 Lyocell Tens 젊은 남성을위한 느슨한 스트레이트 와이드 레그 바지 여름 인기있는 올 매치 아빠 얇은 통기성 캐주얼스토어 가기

==

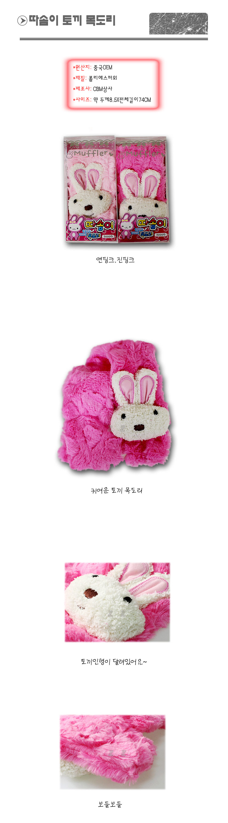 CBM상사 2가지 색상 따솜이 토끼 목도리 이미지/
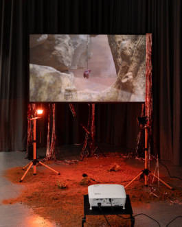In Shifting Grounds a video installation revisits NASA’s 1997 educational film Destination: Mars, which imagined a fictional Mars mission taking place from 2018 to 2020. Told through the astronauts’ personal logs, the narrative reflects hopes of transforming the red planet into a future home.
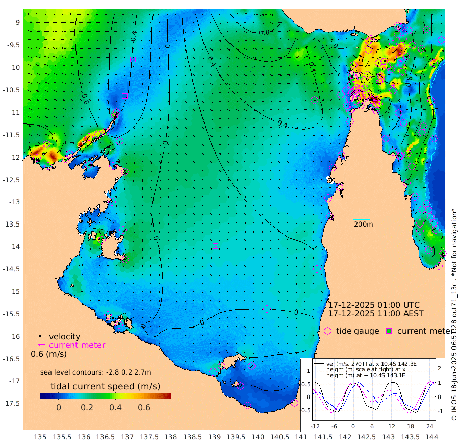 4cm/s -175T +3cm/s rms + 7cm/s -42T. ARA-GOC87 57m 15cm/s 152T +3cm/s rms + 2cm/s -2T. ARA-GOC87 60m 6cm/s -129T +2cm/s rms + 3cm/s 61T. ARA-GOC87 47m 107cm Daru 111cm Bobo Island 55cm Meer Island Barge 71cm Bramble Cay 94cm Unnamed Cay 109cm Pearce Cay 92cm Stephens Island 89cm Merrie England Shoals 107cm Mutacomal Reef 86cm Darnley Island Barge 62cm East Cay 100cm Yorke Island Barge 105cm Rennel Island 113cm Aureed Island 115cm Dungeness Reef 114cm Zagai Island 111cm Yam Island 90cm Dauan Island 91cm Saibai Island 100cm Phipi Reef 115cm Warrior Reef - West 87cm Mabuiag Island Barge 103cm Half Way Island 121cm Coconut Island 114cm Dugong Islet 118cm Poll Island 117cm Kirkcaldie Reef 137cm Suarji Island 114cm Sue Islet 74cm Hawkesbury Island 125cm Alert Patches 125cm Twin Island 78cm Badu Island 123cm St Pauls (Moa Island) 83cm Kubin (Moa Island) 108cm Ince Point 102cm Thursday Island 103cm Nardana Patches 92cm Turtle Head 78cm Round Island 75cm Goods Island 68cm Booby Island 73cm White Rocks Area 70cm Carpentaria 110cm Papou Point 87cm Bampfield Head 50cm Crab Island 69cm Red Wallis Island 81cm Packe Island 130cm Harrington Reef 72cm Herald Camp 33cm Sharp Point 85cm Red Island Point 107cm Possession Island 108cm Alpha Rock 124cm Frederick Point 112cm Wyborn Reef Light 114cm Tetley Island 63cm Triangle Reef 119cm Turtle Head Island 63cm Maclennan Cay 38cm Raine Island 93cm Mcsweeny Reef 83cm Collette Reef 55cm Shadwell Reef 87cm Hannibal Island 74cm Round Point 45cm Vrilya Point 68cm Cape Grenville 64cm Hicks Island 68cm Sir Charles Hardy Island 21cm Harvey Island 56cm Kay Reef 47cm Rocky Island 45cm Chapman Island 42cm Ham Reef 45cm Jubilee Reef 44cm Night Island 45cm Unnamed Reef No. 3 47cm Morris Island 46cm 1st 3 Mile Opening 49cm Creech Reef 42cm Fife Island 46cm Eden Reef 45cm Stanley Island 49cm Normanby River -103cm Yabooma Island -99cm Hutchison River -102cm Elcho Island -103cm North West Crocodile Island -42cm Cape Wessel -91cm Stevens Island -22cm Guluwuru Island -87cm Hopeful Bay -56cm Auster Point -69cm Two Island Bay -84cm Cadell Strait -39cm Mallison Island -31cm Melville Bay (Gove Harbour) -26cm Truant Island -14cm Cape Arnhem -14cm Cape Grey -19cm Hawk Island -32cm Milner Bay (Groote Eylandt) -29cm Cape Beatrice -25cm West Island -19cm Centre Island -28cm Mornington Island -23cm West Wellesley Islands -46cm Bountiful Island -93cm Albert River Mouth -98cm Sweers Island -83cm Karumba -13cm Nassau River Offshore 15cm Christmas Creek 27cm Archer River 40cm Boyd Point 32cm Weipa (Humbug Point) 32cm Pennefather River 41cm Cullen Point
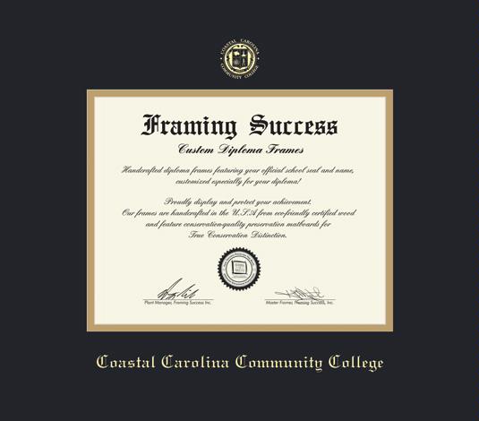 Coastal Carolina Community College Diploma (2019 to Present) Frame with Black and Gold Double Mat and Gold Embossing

PROBLEM DESCRIPTION
Starting at the line containing "CBM상사 2가지 색상 따솜이 토끼 목도리 이미지/" and stopping at the line containing "In Shifting Grounds", output each line exactly as it appears above. Leave out the pictures.

ANSWER TO THE PROBLEM
 CBM상사 2가지 색상 따솜이 토끼 목도리 이미지/
In Shifting Grounds a video installation revisits NASA’s 1997 educational film Destination: Mars, which imagined a fictional Mars mission taking place from 2018 to 2020. Told through the astronauts’ personal logs, the narrative reflects hopes of transforming the red planet into a future home.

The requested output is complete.